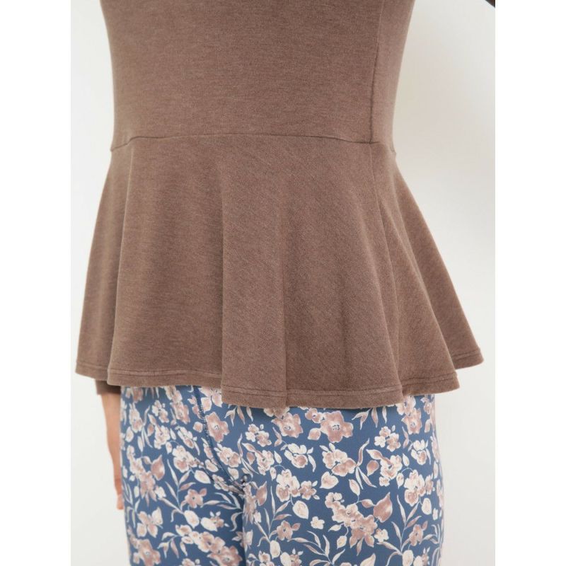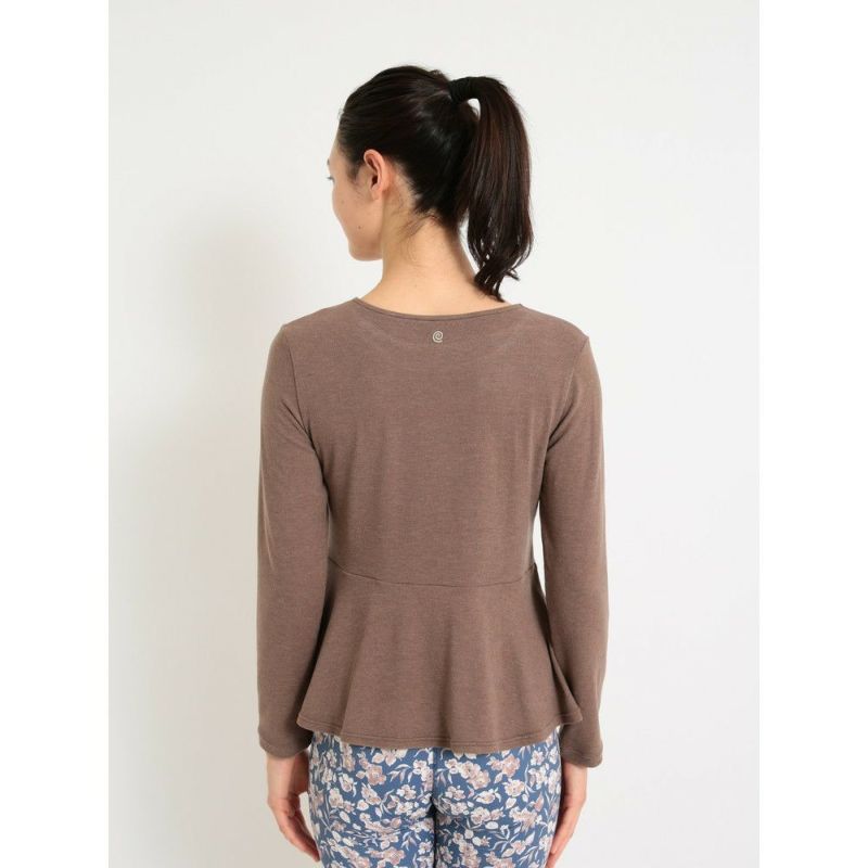 可愛くなりすぎない、大人な雰囲気のペプラムデザイン。ウエスト位置を少し高めに、程よくシェイプをきかせたシルエットと、デコルテラインをキレイに見せてくれるネックラインで、女性らしさと程よい抜け感を演出します。
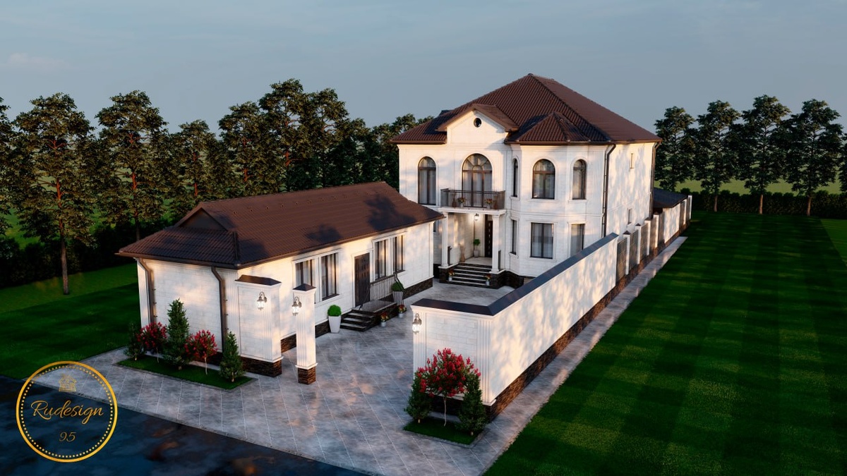 Дизайн фасада двухэтажного жилого дома с использованием натурального камня
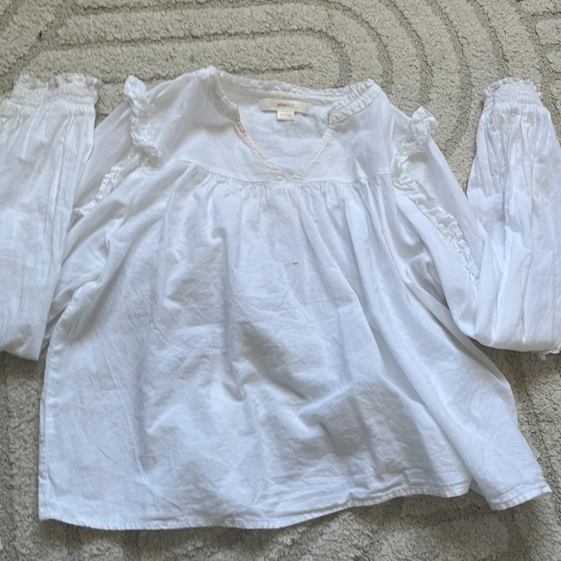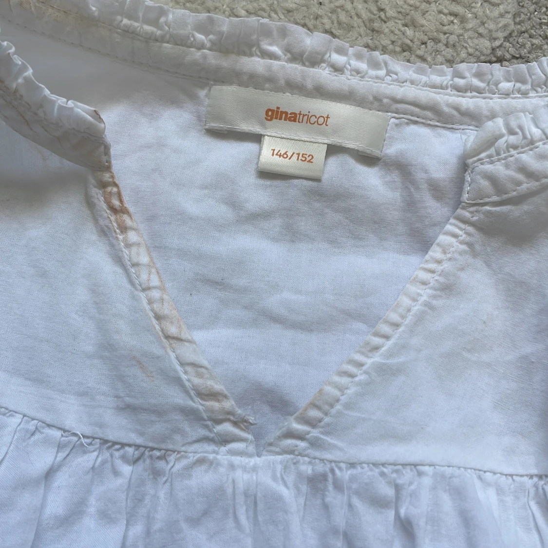 En vit blus från Gina. Den har en smink rand vid kragen men går säkert bort i tvätten.
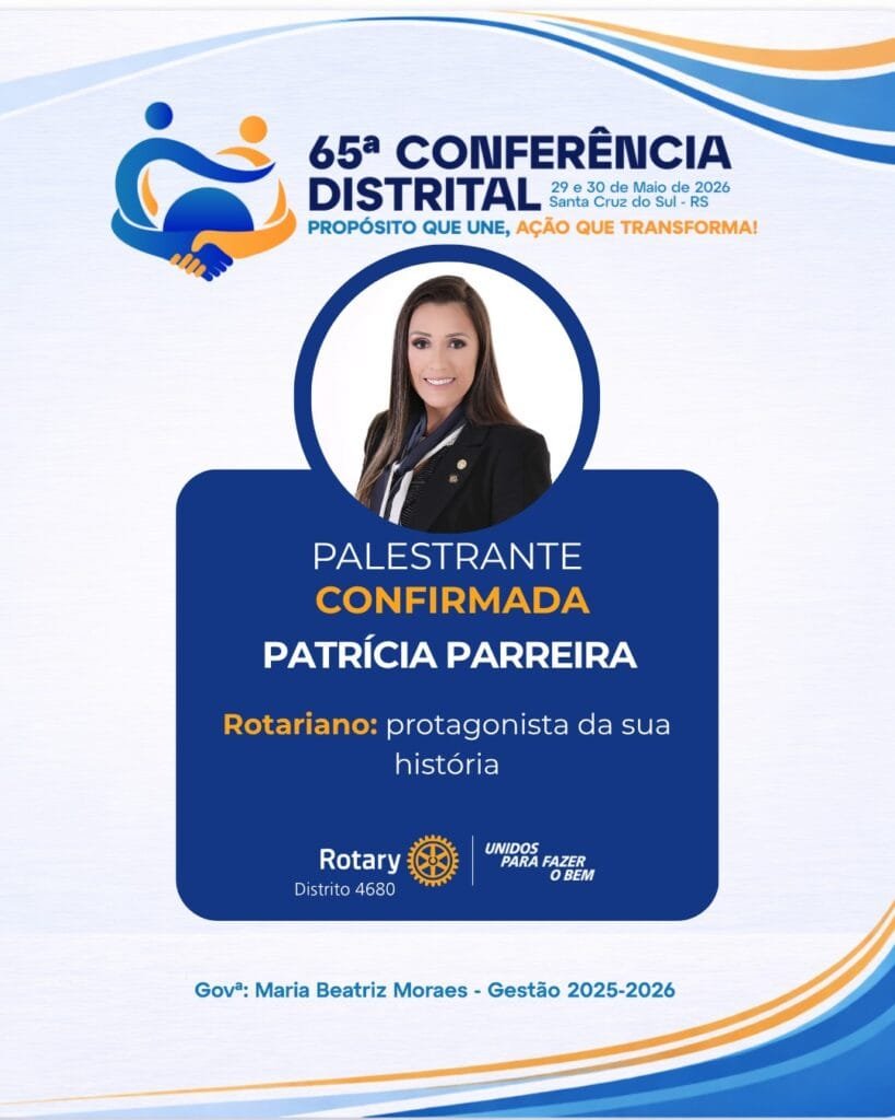 Patrícia Parreira é jornalista e Governadora do Distrito 4780 no Ano Rotário 2024-2025, trazendo não só experiência, mas uma visão profunda sobre liderança e consciência.
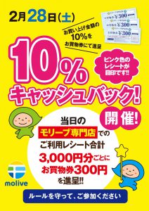 モリーブ専門店のLINEショップカード 「特典チケット→お買物券引換え」のお知らせ
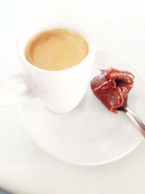 Ah, o café é acompanhado com uma colherada de brigadeiro.
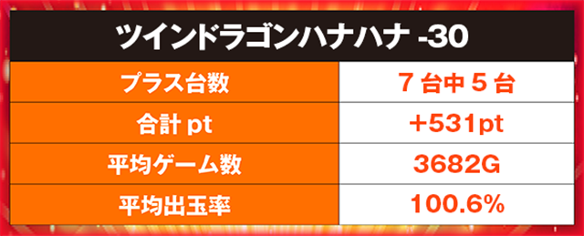 ツインドラゴンハナハナ-30は7台中5台がプラス!
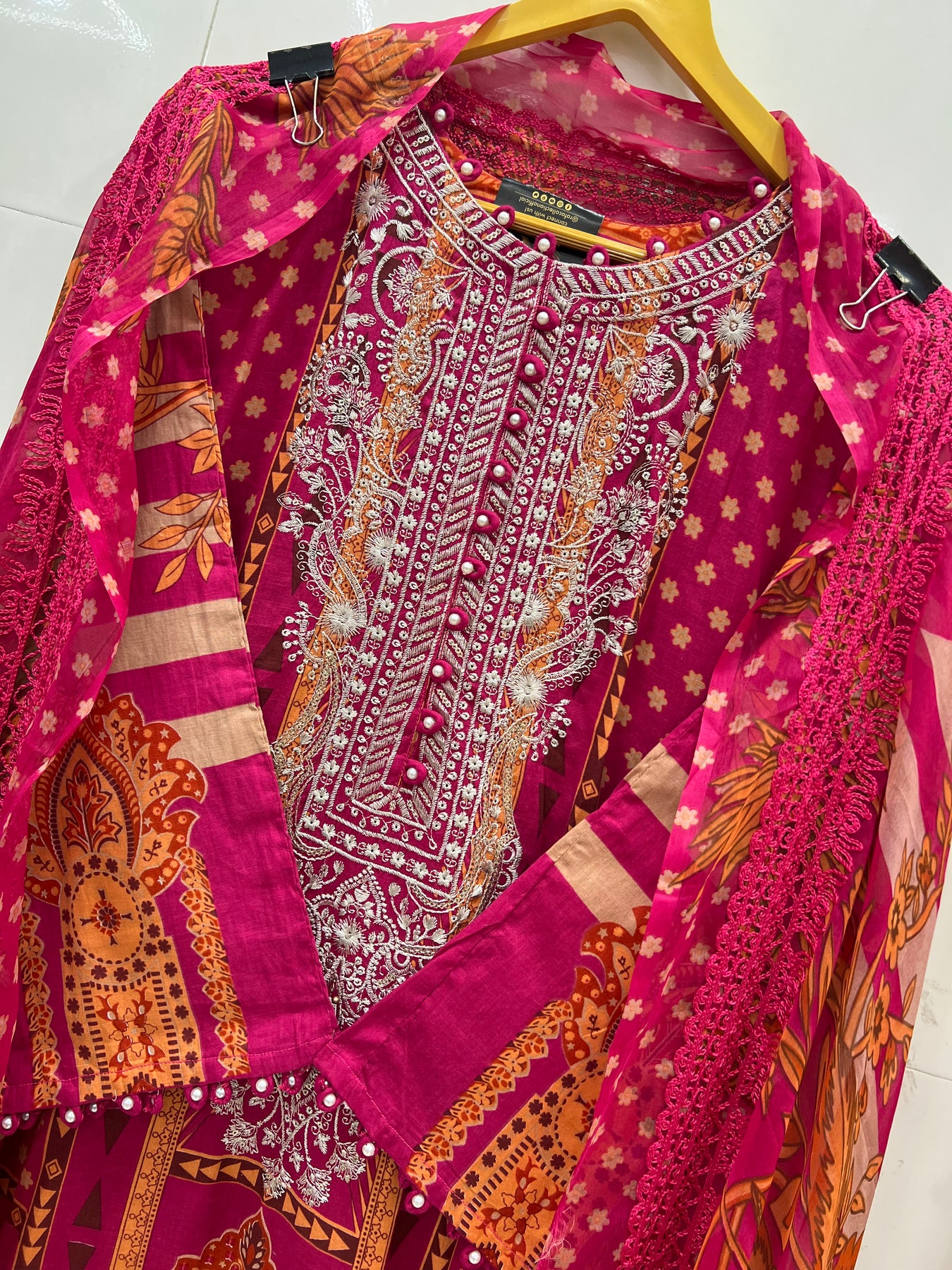 D no :- 2660 This Pakistani formal is perfect for any special occasion. Made from high-quality cotton, the top features intricate embroidery and patchwork, complemented by tassels for a touch of elegance. The unique printed design adds a touch of traditional charm. Make a statement with this stylish and comfortable formal piece.

### Problem
Everything in the material except the pictures should be restated word for word.

### Response to the exercise
 可愛くなりすぎない、大人な雰囲気のペプラムデザイン。ウエスト位置を少し高めに、程よくシェイプをきかせたシルエットと、デコルテラインをキレイに見せてくれるネックラインで、女性らしさと程よい抜け感を演出します。
 Дизайн фасада двухэтажного жилого дома с использованием натурального камня
 En vit blus från Gina. Den har en smink rand vid kragen men går säkert bort i tvätten.
 Patrícia Parreira é jornalista e Governadora do Distrito 4780 no Ano Rotário 2024-2025, trazendo não só experiência, mas uma visão profunda sobre liderança e consciência.
 モリーブ専門店のLINEショップカード 「特典チケット→お買物券引換え」のお知らせ
 Ah, o café é acompanhado com uma colherada de brigadeiro.
 ツインドラゴンハナハナ-30は7台中5台がプラス!
 D no :- 2660 This Pakistani formal is perfect for any special occasion. Made from high-quality cotton, the top features intricate embroidery and patchwork, complemented by tassels for a touch of elegance. The unique printed design adds a touch of traditional charm. Make a statement with this stylish and comfortable formal piece.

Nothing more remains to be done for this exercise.